With little money, fewer friends and no sporting venues; the 2012/13 Digicel Pro League is preparing for another kick-off.

The season is scheduled to start on 7 September with what is likely to be a Super Friday double-header. There is no word on who is playing yet, though. Or even what clubs are taking part in the competition.

If that reality conjures up visions of disorder, then one would not expect to find at the centre of the storm a more unlikely person. Pro League CEO Dexter Skeene sees a completely different picture.

“The League is at a place where it is strategically positioned to attract investors to come in,” Skeene told Wired868. “We are at a stage where I am excited by the prospects.”

Never fidgeting, lowering his voice or losing eye contact, the 48-year-old CEO made no attempt to feign a bond with the interviewer by leaning forward in his chair. He just smiled.

“In an ideal world, the fixtures would be up,” said Skeene. “That is best practice. But given our circumstances with Jabloteh still trying to raise money and clubs wanting to come in, I think it would be foolhardy to not be as facilitating as possible.

“We want to give the Brent Sanchos and so on every opportunity to come into the League.”

As the League struggles to make an impact on Trinidad and Tobago’s armchair sport fans and clubs fight to stay afloat in the face of sizeable financial challenges, Skeene has his fair share of critics.
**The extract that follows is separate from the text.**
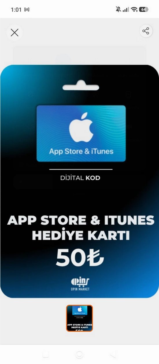 App Store & iTunes için 50₺ değerinde dijital hediye kartı. Uygulama, müzik ve daha fazlasını satın almak için kullanılabilir.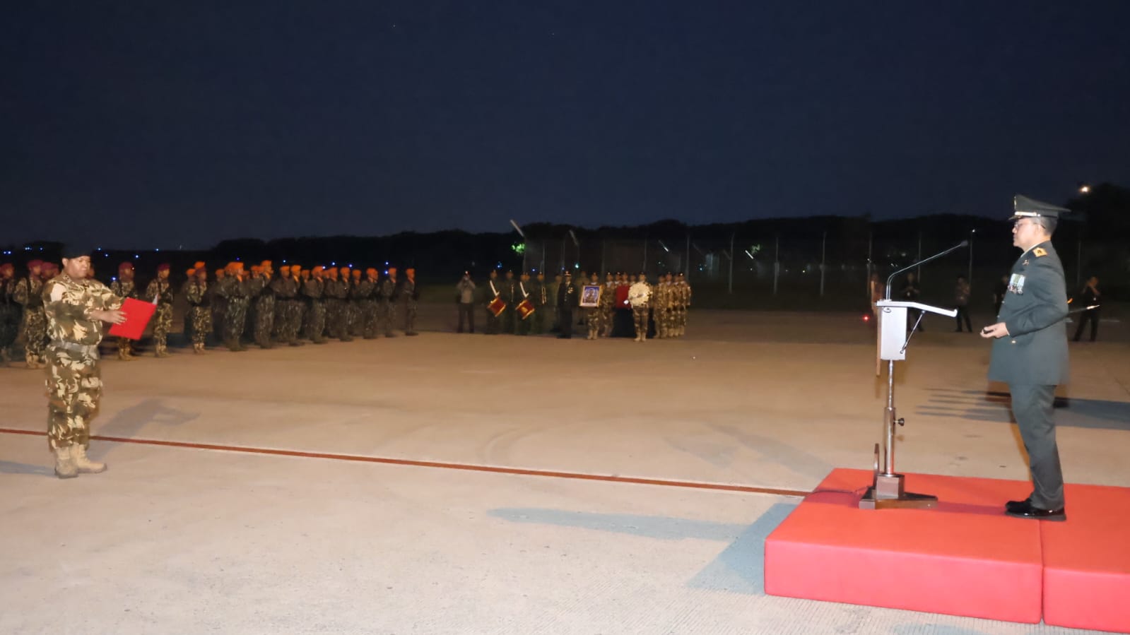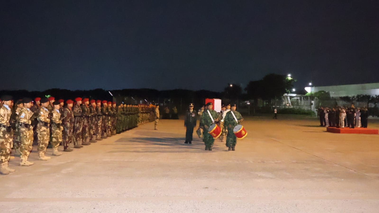 Upacara dilaksanakan secara militer dan berlangsung khidmat sebagai bentuk penghormatan terakhir kepada prajurit yang gugur dalam menjalankan tugas misi perdamaian dunia di Lebanon.

Some say it is a minor miracle that the League endures and blame Skeene for that fact. It does not seem to have crossed their minds that they should instead be thanking him.

The League is often compared—unfavourably—to longer-established overseas competitions like the English domestic game and even the United States’ Major League Soccer (MLS). Its inability to provide more than a week’s notice for fixtures irks teams and supporters alike while the uncertainty about which clubs will compete next season has created an environment conducive to rumour-mongering and doomsaying.

Eternally optimistic and composed, Skeene sees these negatives merely as growing pains for a young competition.

According to him, the League was forced to delay word on next season’s participating clubs so as to give founding member San Juan Jabloteh every opportunity to find the funding necessary to stay in the competition. Jabloteh, once bankrolled by CLICO, lost its sponsorship deal with Adam’s Construction last season and was inexplicably bypassed for assistance by the Sport Ministry.

Moreover, League Chairman Larry Romany doubles up as the Trinidad and Tobago Olympic Committee (TTOC) head and has only just returned from the London 2012 Olympics. And final word on participation cannot come until Romany convenes a meeting of the various club representatives to review the applications from potential Pro League teams.